# rechner kackt immer ab



## elbe13 (3. Juni 2005)

hallo

brauche HILFE... mein rechner kackt immer ab....fahr ihn ganz normal hoch und dann läuft er eigentlich ganz rund und plötzlich macht es zack monitor geht aus und rechner startet sich neu und das macht er dann erstmal 2-3 mal

was könnte das sein ? bin am verzweifeln 


gruß

jenny


----------



## Mr Mr Mazen (3. Juni 2005)

Wäre erstmal ganz nützlich zu wissen, was du für einen Rechner hast, und was für ein Betriebssystem.

hast du vielleicht irgendwas neu installiert oder kommt ne Fehlermeldung


----------



## elbe13 (4. Juni 2005)

weder an der  hardware noch an der software wurde was verändert es taucht auch keine fehlermeldung auf er geht einfach aus....

AMD 1,2 ghz 
betriebssystem windows xp

er schaltet sich nur anfangs immer aus und 2 - 10 x wenn man es einmal geschafft hat dann läufts...


----------



## Andreas Späth (4. Juni 2005)

Also ich tippe da doch mal auf Fehler im Betriebssystem zumindest war das bei mir mal so.
Versuch mal ob er eventuell mit Knoppix und co stabil läuft.

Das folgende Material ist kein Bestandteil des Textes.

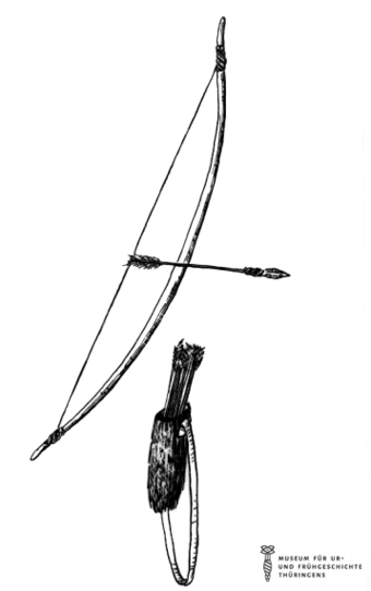 Das Bild gehört zur Serie "Zeichnungen Steinzeit - Museum für Ur- und Frühgeschichte Thüringens". Abgebildet sind Pfeil und Bogen sowie Fellköcher als typische Jagdwaffe der Jäger und Sammler. Es gelten die Nutzungsbedingungen der Mediothek und Pixiothek.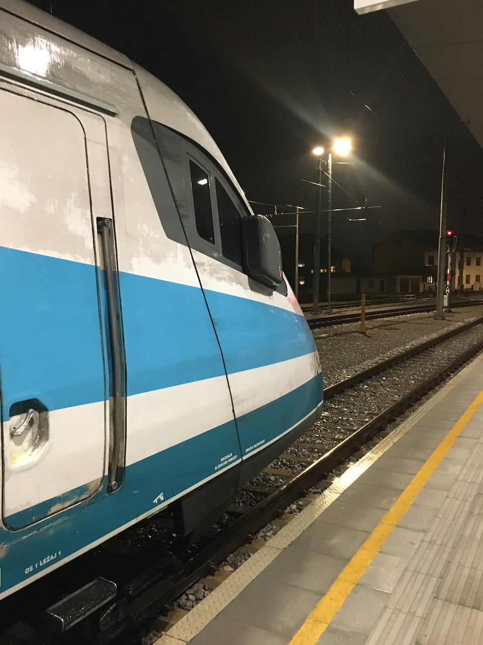 Due to the lockdown in Austria, and the late hour of arrival in Villach, I was literally the only passenger in my whole carriage for a good part of the trip! Slightly eerie. The train left München 15 minutes late (due to repairs on the track somewhere earlier) and caught up a little, arriving in Villach with 8 minutes of delay.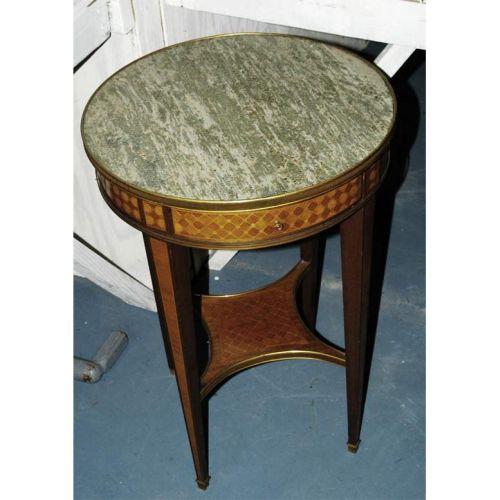1 FRENCH STYLE PARQUETRY ROUND<BR>SIDE TABLE <BR>CONDITION REPORT: lacking two sabots.<BR>PACKING AND SHIPPING - see recommended.

Hast du auch mal einen Virenscanner drüberlaufen lassen und aktuelle Windows Updates gesaugt ?


----------



## timo0804 (4. Juni 2005)

Vielleicht erstmal Virenscanner drüberlaufen lassen.
Wenn es dann nicht geht, würd ich vorschlagen das Betriebssystem neuzuinstallieren bzw. núr WIndows zu reparieren (siehst du wenn du von der CD startest).


----------



## huwi (20. September 2010)

Hallo,

würde dir auch empfehlen das Betriebsystem einfach nochmal neu aufzusetzen.
Einfach auf deine Windows CD booten und anweisungen folgen ;-)

Gruß
Huwi


----------



## Dr Dau (21. September 2010)

Hallo!

@huwi, meinst Du nicht dass sich das Problem nach über 5 Jahren erledigt haben könnte?

BTW: wenn der Rechner immer abkackt, dann würde ich es erstmal mit regelmässigem spülen versuchen.
Andernfalls kommen weitere Probleme hinzu. 

Gruss Dr Dau


----------